# For my 3000th post... I'll introduce myself.



## gafftaper (Jan 25, 2008)

Well a little over 2 years ago when I joined up I never actually introduced myself. So I figured what better way to join the 3000 post club then to stop and introduce myself. Plus I'm sure a few of you would enjoy the opportunity to roast me a little.

I started helping the sound guy at my church when I was in about 5th grade. From there it was running sound in middle school, and "stage crew" class in High School. I went to college and found a crusty old T.D. who knew everything and the rest is a long boring story. 

Today I teach "Intro to Tech theater", I build sets and design lights for the theater department, and I'm "Interim theater manager" which means I'll be supervising the scheduling and technical needs for building rentals. The interim is in there because the money runs out June 30th and then we have to figure out a more permanent way to fund this position... that's how it works in an educational bureaucracy. I also spend a lot of time at home with my two boys, who as you have already seen, are growing up as hard core theater rats. 

And finally unmasking the enigma that is Gaff, My name's Mark.


----------



## Van (Jan 25, 2008)

Welcome Aboard Mark! As I'm sure you've noticed we have a lively community full of interesting, and intelligent individuals. I'm sure you'll fit right in. Don't be afraid to ask questions and be sure to pipe up with answers, everybody's input is welcome. Most importantly Have Fun.


Congrats on that 3k


----------



## Logos (Jan 25, 2008)

Now I know who you are I don't think I like you any more.
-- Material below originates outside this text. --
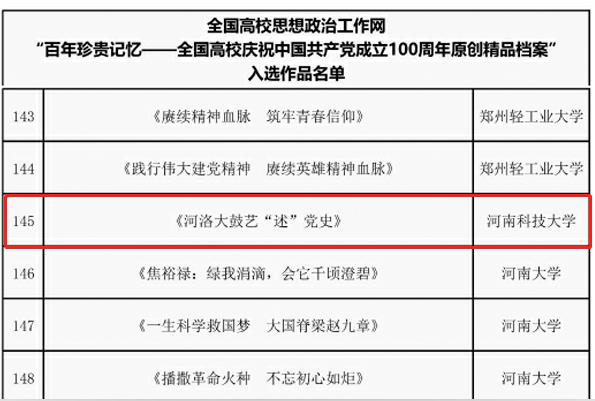 校新闻中心讯 近日,“高校庆祝中国共产党成立100周年原创精品推广行动”评审结果公布,网投官网原创作品《河洛大鼓艺“述”党史》入选《百年珍贵记忆——全国高校庆祝中国共产党成立100周年原创精品档案》。

We'll have to wait and see.


----------



## icewolf08 (Jan 25, 2008)

Don't forget to use the search feature, you might find some interesting information that you forgot you posted 3000 posts ago.


----------



## derekleffew (Jan 25, 2008)

So do you have a website? And how do you feel about pirates and the metric system?


----------



## avkid (Jan 25, 2008)

Derek, Google is a good thing:
http://drama.edcc.edu/
I honestly spent an hour tracking down the mysterious gafftaper about 2 months ago.
I got to the theatre department website before the trail went cold.


----------



## derekleffew (Jan 25, 2008)

And some call _*ME*_ an internet stalker!


----------



## avkid (Jan 25, 2008)

derekleffew said:


> And some call _*ME*_ an internet stalker!
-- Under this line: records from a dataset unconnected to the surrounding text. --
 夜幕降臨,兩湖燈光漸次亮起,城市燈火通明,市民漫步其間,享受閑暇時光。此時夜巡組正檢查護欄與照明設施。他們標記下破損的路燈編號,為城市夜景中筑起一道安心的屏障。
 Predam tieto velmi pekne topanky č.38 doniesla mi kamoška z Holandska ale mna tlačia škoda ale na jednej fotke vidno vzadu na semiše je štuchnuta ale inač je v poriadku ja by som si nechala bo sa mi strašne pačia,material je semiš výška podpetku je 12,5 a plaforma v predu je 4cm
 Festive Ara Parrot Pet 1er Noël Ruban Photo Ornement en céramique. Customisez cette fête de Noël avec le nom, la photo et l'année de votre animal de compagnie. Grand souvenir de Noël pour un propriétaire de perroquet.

Just be glad that I don't know where you live.
My posse and I might be coming to Las Vegas later this year.!

Update: I do now


----------



## derekleffew (Jan 26, 2008)

avkid said:


> Just be glad that I don't know where you live.
> My posse and I might be coming to Las Vegas later this year.!
> 
> Update: I do now


My friends: Smith, Wesson, Sig Sauer, and I will be happy to meet you. And don't mind Heinrich, the Doberman--he's gentle.


----------



## avkid (Jan 26, 2008)

derekleffew said:


> My friends: Smith, Wesson, Sig Sauer, and I will be happy to meet you. And don't mind Heinrich, the Doberman--he's gentle.
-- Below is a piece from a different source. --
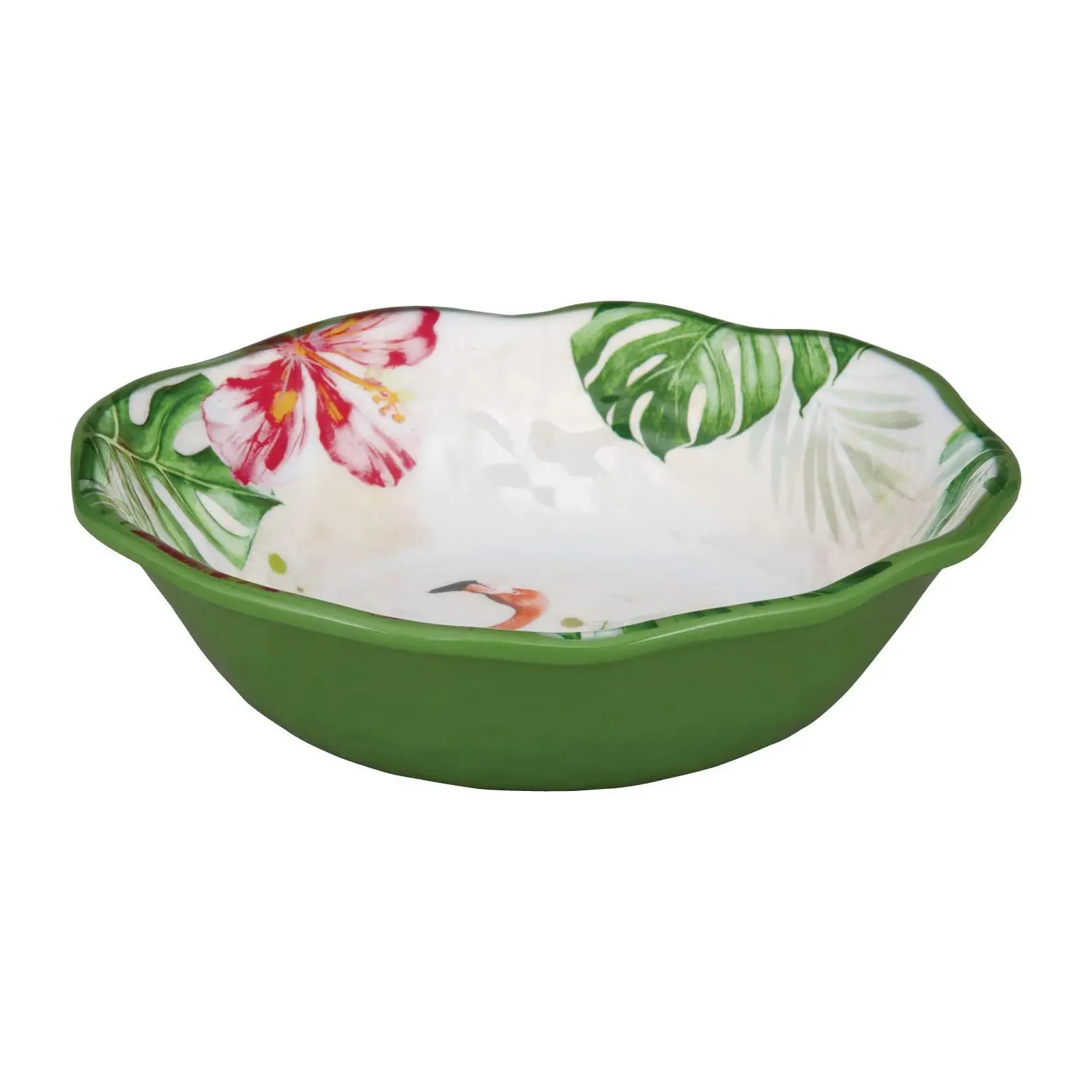 Each plate and bowl features playful flamingos and lush monstera leaves, creating a tropical ambiance. The vibrant colors and intricate details add a fun and whimsical touch to your dining experience. The dinnerware set is stackable, keeping your kitchen neat and organized, and saving space in drawers and cabinets.

Dogs love me, and one of my associates is always armed.
The others are harmless, yet extremely odd at times.


----------



## gafftaper (Jan 26, 2008)

He isn't a very good stalker. He contacted me when the trail grew cold for a few clues. 

I don't have a website and the college's website is rather boring. 

Search feature... I'll have to try that. Who knows what sort of interesting things I may have posted.


----------



## Chris15 (Jan 26, 2008)

It's alright... Had I wanted to find out where you lived, I would have done so long ago... Oh wait... just did it

A special search is available for those suffering memory loss. One simply activates the drop down menu by clicking one's username at the top of a post and selects find all posts by user or whatever it is called. OR go to advanced search and search by topic and username, for when you can't be bothered looking through 3000 posts of your own "words of wisdom".

And the stay at home dad classification explains the amount of time available to post *useful* information.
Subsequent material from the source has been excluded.